The Atomic Energy Council (AEC) and Taiwan Power Co (Taipower) yesterday denied allegations that Sioulin Township (秀林), Hualien County, had been selected as a location for nuclear waste storage.
The denial came after Democratic Progressive Party (DPP) Legislator Hsiao Bi-khim (蕭美琴) said at a press conference that Taipower had been drilling holes in the eastern township in preparation for the work.
The company began the deep-hole drilling work in October for a nuclear waste storage facility located 500m underground, Hsiao said. The crew had drilled to a depth of 200m as of the end of last month, he added, citing information provided by local residents.
The storage plan was part of the council’s “Spent Nuclear Fuel Final Disposal Program Plan,” she said.
The DPP maintains a “nuclear-free homeland” policy and condemns the inappropriate action, Hsiao said, adding that the drilling had created fear among Hualien residents and local Taroko Aborigines.
Hsiao said Taipower should move the planned facility out of the county and release all information pertaining to its nuclear waste storage operations.
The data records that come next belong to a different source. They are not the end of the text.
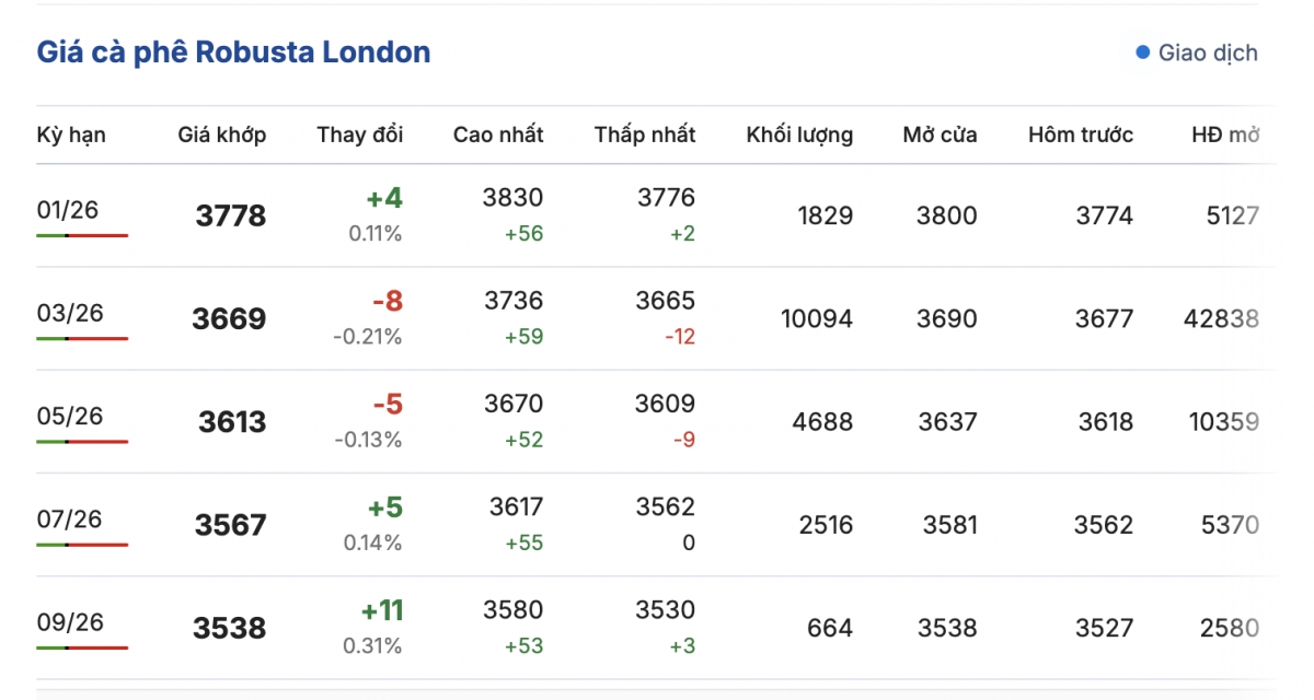 Giá cà phê thế giới sáng nay 21/12 (theo giờ Việt Nam) giá cà phê trên 2 sàn giao dịch quốc tế tăng - giảm trái chiều. Cụ thể, giá cà phê Robusta hợp đồng kỳ hạn giao tháng 1/2026 trên sàn London tăng 11%, tương đương tăng 4 USD/tấn so với phiên trước, giá bán đang là 3.778 USD/tấn.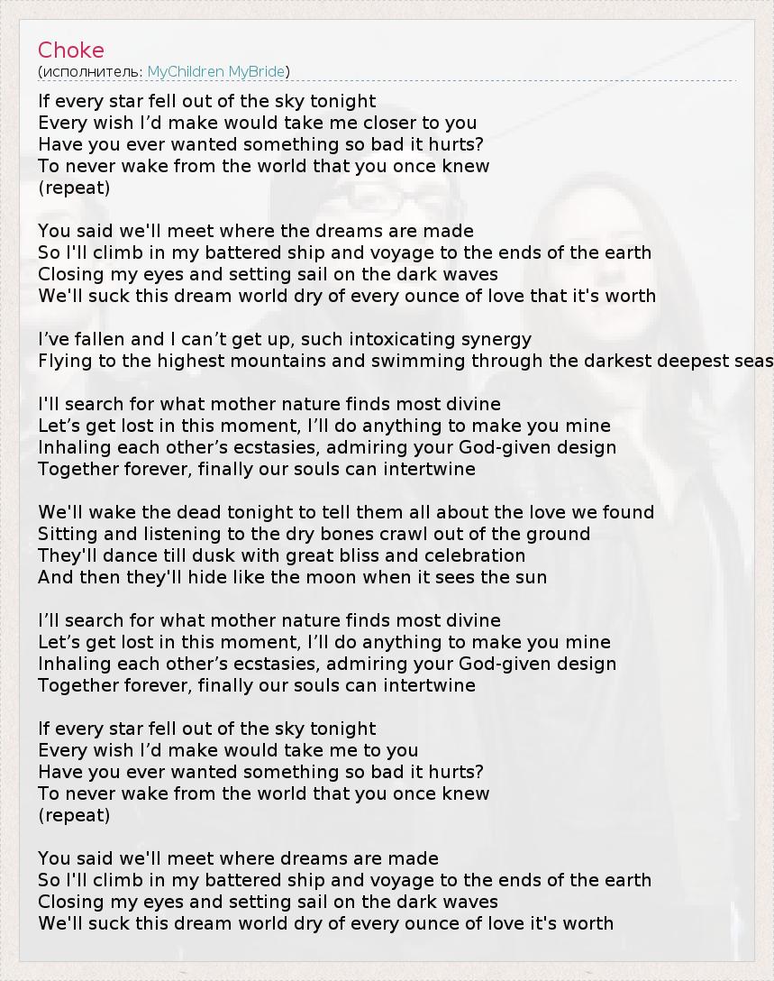 Если каждая звезда упала с неба сегодня вечером Каждый хотел бы я сделать бы меня ближе к вам Вы никогда не хотели -то так плохо это больно ? Чтобы никогда не проснуться от мира , что вы когда-то знал ( повтор) Вы сказали, что мы встретимся , где мечты сделаны Так что я буду лезть в моей разрушенной корабля и плавания к концам земли Закрыв глаза и отправиться в плавание на темных волн Мы сосать эту мечту мировой сухой каждой унции любви , что это стоит Я упал , и я не могу встать , такой опьяняющий синергии Полет в самых высоких гор и купание в самые мрачные глубоких морей Я буду искать для того, что мать-природа находит самый божественный Давайте потерял в этот момент, я сделаю все, чтобы вы мои Вдыхая восторги друг друга , любуясь свой Богом данный дизайн Вместе навсегда , наконец наши души могут переплетаться Мы разбудить мертвых сегодня вечером, чтобы сказать им, все о любви , мы обнаружили, Сидя и слушая сухих костей выползают из земли Они буду танцевать до рассвета с великого блаженства и празднования И тогда они будут скрывать , как луна , когда она видит солнце Я буду искать для того, что мать-природа находит самый божественный Давайте потерял в этот момент, я сделаю все, чтобы вы мои Вдыхая восторги друг друга , любуясь свой Богом данный дизайн Вместе навсегда , наконец наши души могут переплетаться Если каждая звезда упала с неба сегодня вечером Каждый хотел бы я сделать бы меня к вам Вы никогда не хотели -то так плохо это больно ? Чтобы никогда не проснуться от мира , что вы когда-то знал ( повтор) Вы сказали, что мы встретимся , где мечты сделаны Так что я буду лезть в моей разрушенной корабля и плавания к концам земли Закрыв глаза и отправиться в плавание на темных волн Мы сосать эту мечту мировой сухой каждой унции любви это стоит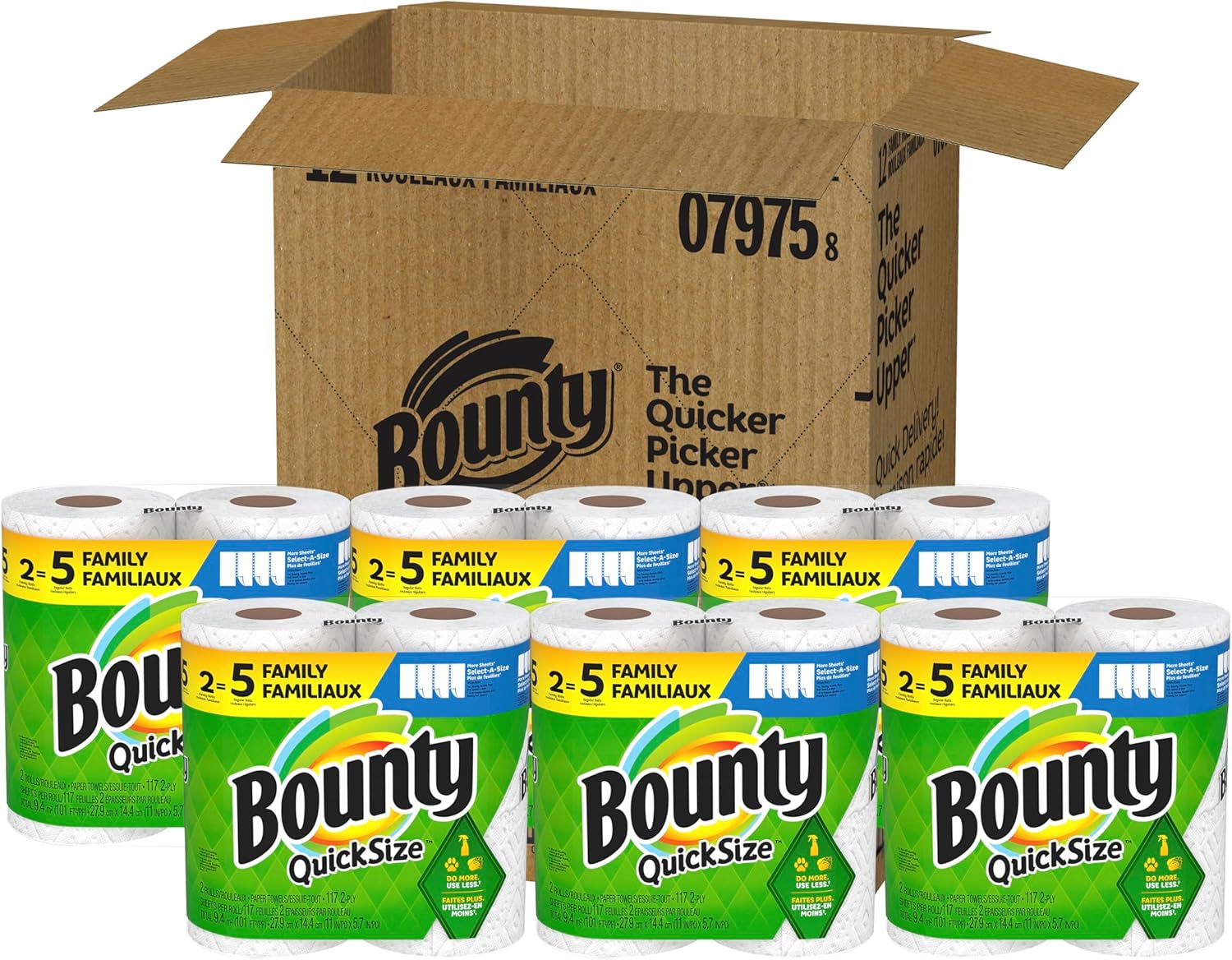 - Pack contains 8 Family Rolls of Bounty white Quick Size Paper Towels

Environmental group Citizen of the Earth said in a press release that the reported plan could violate the Indigenous Peoples Basic Act (原住民族基本法), which requires the government to obtain consent from Aborigines before carrying out major developments on their territory.
It is also against social justice and the principle of proportionality to store nuclear waste in low electricity consuming areas such as eastern Taiwan or the islands off its coast, the group said.
Taipower and the council denied such efforts were underway.
Taipower’s plans and nuclear waste disposal operations would have to be approved by the council and made public, said Lee Ching-shan (李清山), director of Taipower’s nuclear back-end management department.
The drilling was a part of a nationwide granite texture inspection program and was unrelated to the selection of a site for spent nuclear fuel disposal, he said.
Taipower will not make any unilateral decision on the site before the council submits a draft bill for the selection of the disposal site, Lee said.
Liu Wen-chung (劉文忠), an official from the council, said that no selection would be made for 20 years as the council and Taipower were scheduled to conduct technological research between 2005 and 2017.
“I guarantee that Taipower has no intention to make Hualien the disposal site of the spent nuclear fuel,” Liu said.